Problem details:
What is needed is an exact reproduction of the lines in the records below, starting at the line with "We succeed when" and ending at the line with "Óculos com hastes", both included, and nothing else; pictures stay out.

Material shown:
>>>

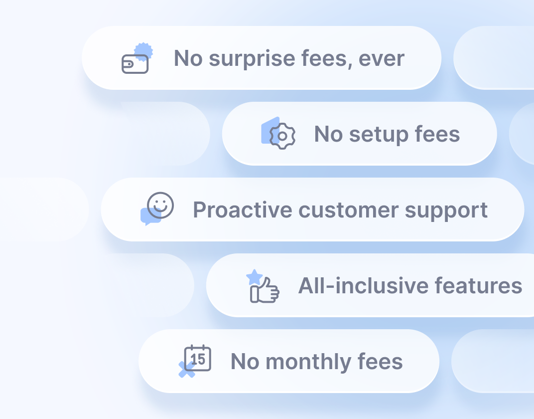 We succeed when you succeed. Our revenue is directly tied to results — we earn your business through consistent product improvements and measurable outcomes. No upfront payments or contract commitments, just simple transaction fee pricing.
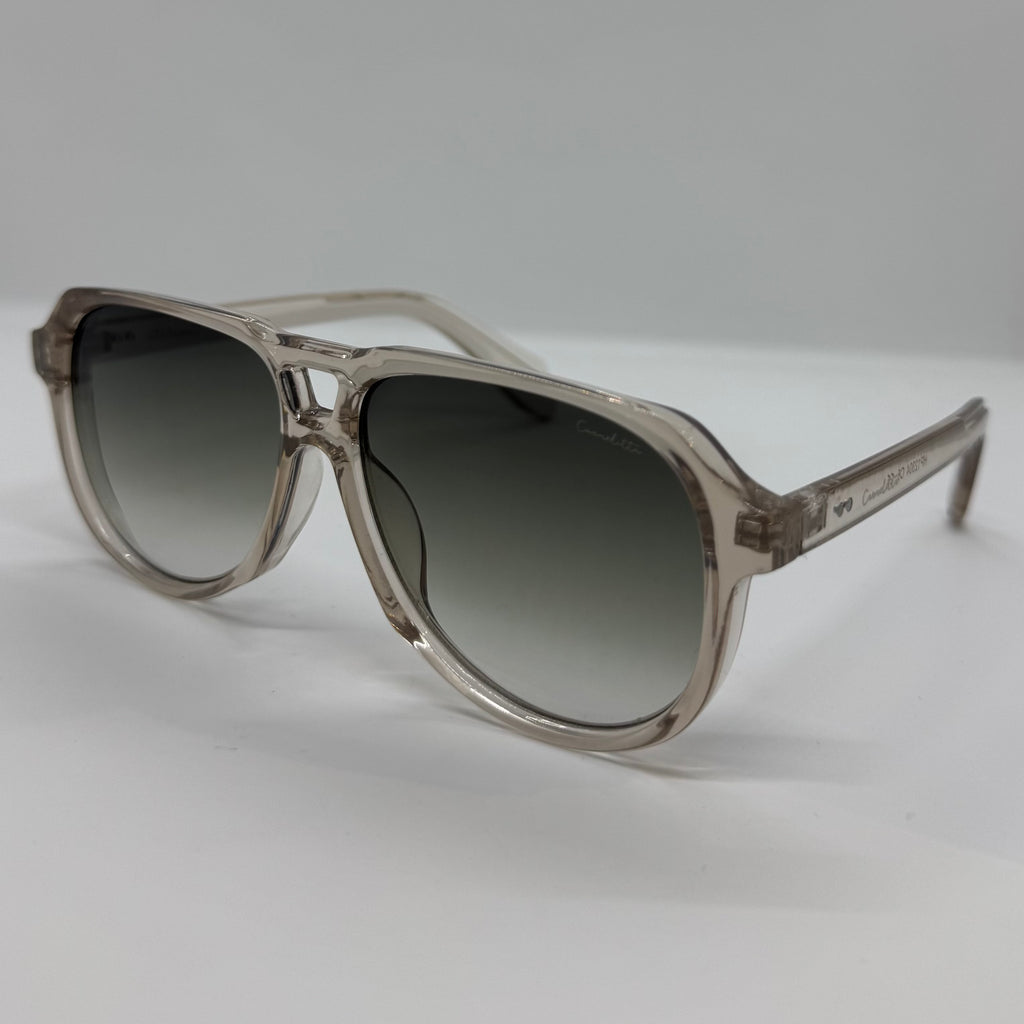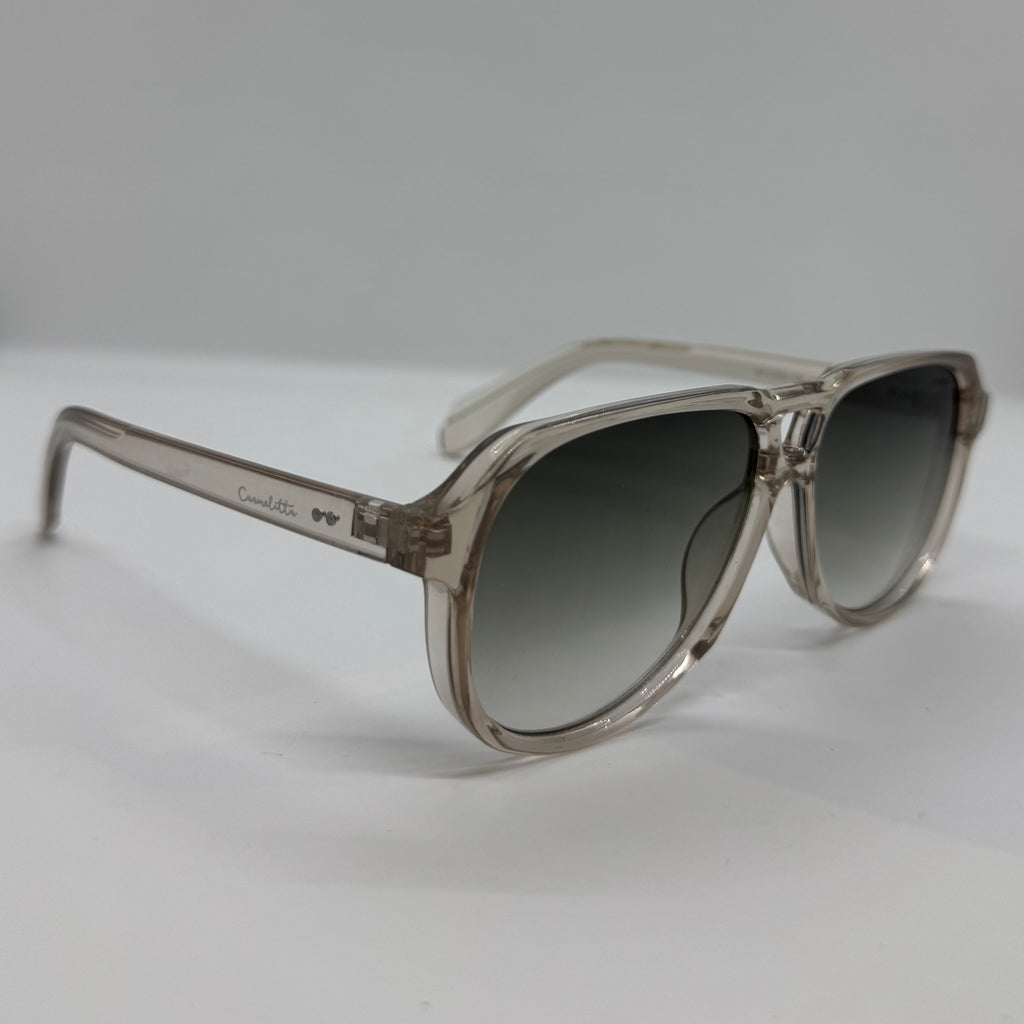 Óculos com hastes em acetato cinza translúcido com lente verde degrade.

<<<
>>>

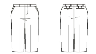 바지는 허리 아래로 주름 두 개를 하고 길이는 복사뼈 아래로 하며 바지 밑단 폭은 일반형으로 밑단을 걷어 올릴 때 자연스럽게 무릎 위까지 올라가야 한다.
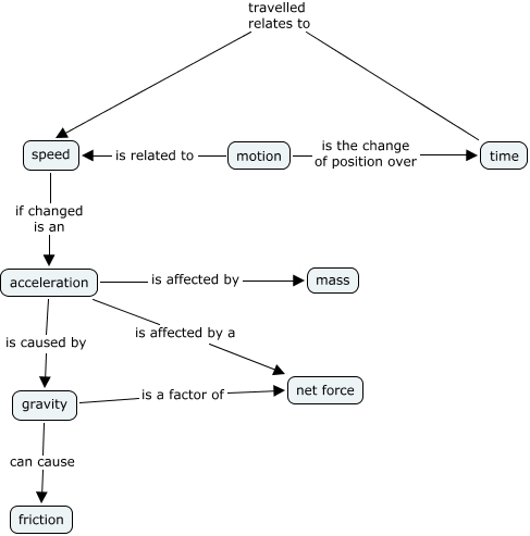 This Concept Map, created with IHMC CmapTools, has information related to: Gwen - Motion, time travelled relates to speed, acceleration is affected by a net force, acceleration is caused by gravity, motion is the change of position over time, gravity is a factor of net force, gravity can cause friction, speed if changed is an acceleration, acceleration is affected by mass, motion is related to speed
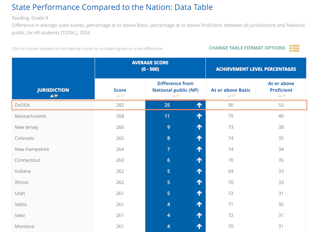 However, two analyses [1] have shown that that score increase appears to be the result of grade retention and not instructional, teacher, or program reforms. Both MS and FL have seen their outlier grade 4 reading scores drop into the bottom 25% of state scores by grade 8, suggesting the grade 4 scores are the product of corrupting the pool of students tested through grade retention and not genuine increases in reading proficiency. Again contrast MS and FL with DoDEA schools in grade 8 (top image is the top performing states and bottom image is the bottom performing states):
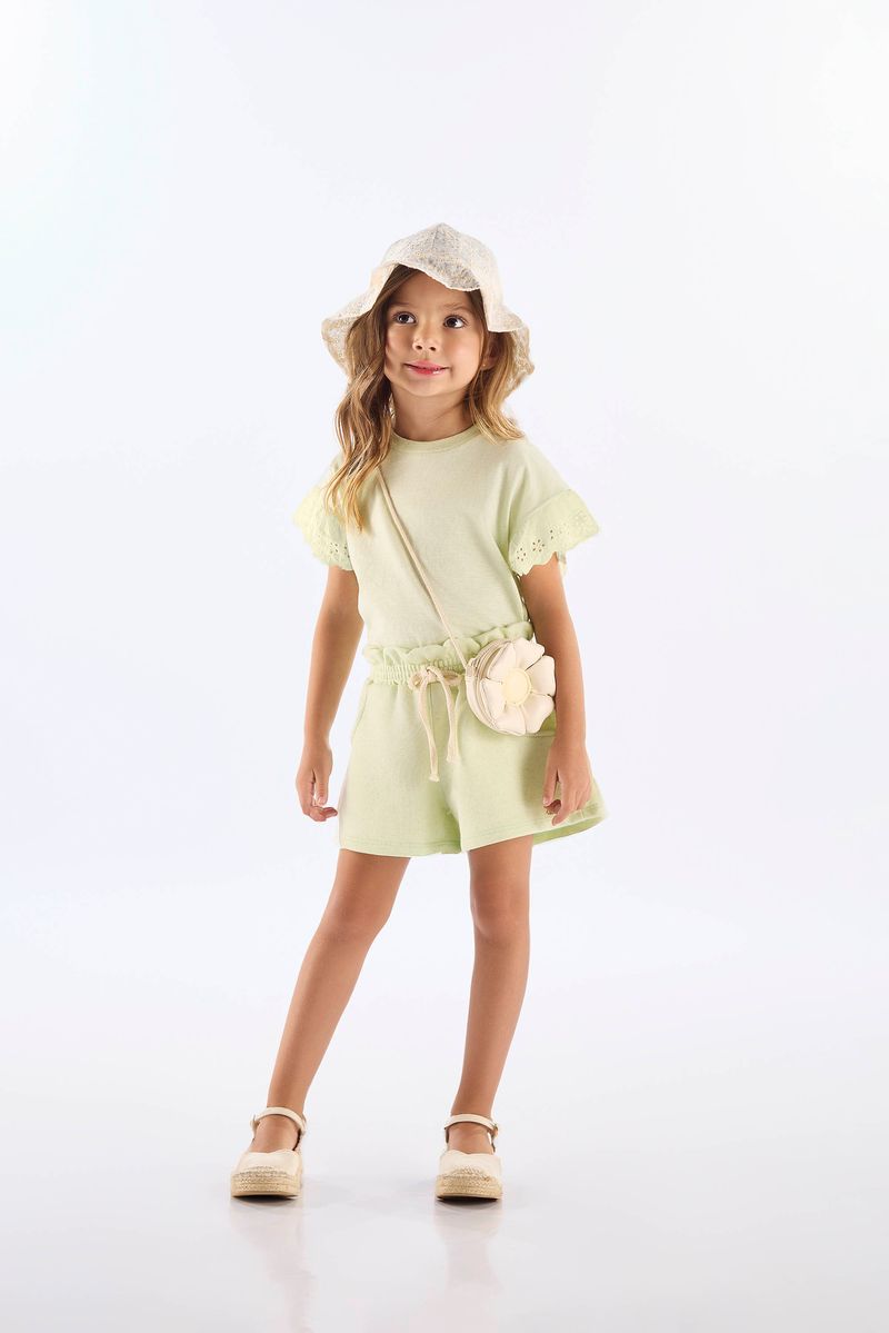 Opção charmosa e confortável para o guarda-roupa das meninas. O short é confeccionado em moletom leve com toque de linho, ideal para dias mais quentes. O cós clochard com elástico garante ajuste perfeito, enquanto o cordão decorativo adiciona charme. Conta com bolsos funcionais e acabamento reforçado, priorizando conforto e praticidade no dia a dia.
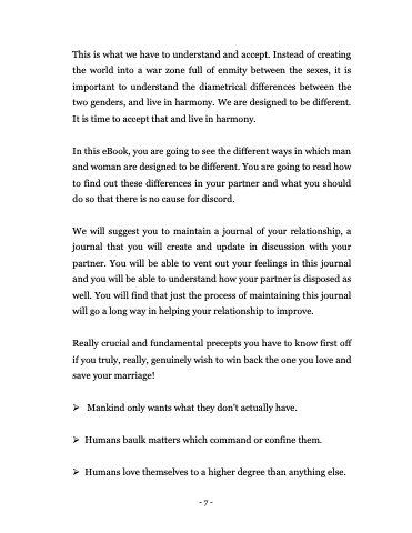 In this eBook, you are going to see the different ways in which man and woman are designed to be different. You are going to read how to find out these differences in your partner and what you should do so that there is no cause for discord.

<<<
>>>

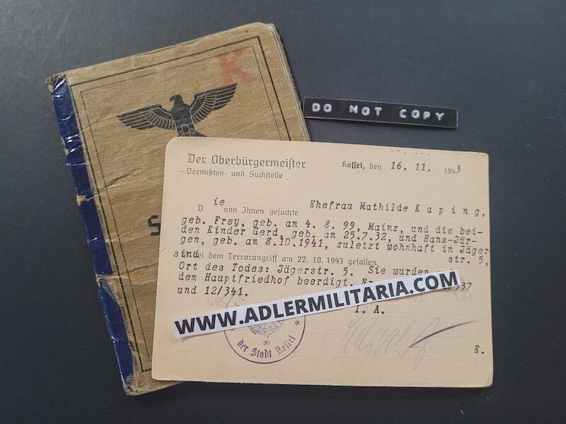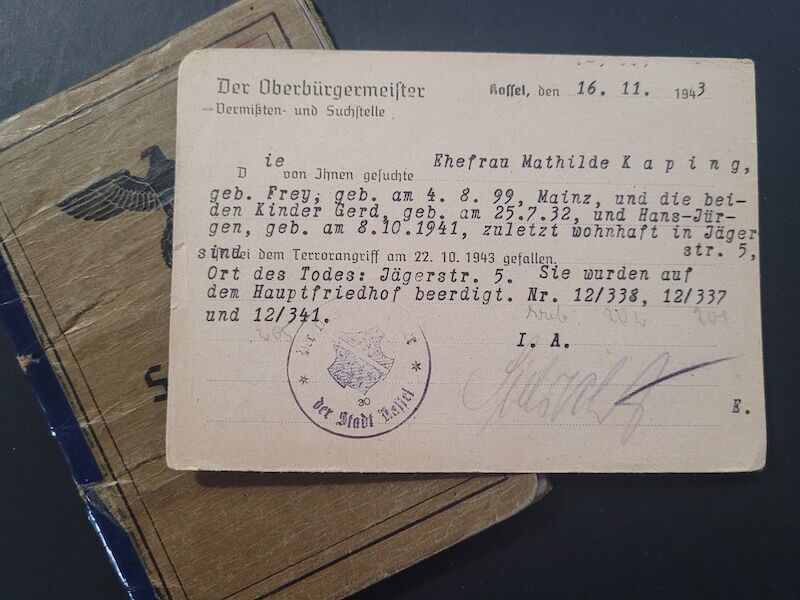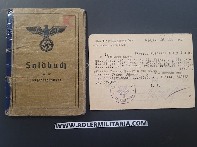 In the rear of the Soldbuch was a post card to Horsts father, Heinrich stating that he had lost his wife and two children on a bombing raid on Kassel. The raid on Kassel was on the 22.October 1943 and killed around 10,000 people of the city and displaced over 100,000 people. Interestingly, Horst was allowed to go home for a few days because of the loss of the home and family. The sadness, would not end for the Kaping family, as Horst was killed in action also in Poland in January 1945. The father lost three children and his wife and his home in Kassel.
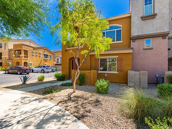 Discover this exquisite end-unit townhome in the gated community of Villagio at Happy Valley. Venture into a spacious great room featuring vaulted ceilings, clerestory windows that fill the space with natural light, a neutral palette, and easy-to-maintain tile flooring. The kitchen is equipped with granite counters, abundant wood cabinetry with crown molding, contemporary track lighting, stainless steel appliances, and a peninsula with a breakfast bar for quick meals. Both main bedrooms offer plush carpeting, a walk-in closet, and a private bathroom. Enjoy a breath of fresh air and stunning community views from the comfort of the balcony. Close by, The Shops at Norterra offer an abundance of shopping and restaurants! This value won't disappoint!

<<<

Solution:
 We succeed when you succeed. Our revenue is directly tied to results — we earn your business through consistent product improvements and measurable outcomes. No upfront payments or contract commitments, just simple transaction fee pricing.
 Óculos com hastes em acetato cinza translúcido com lente verde degrade.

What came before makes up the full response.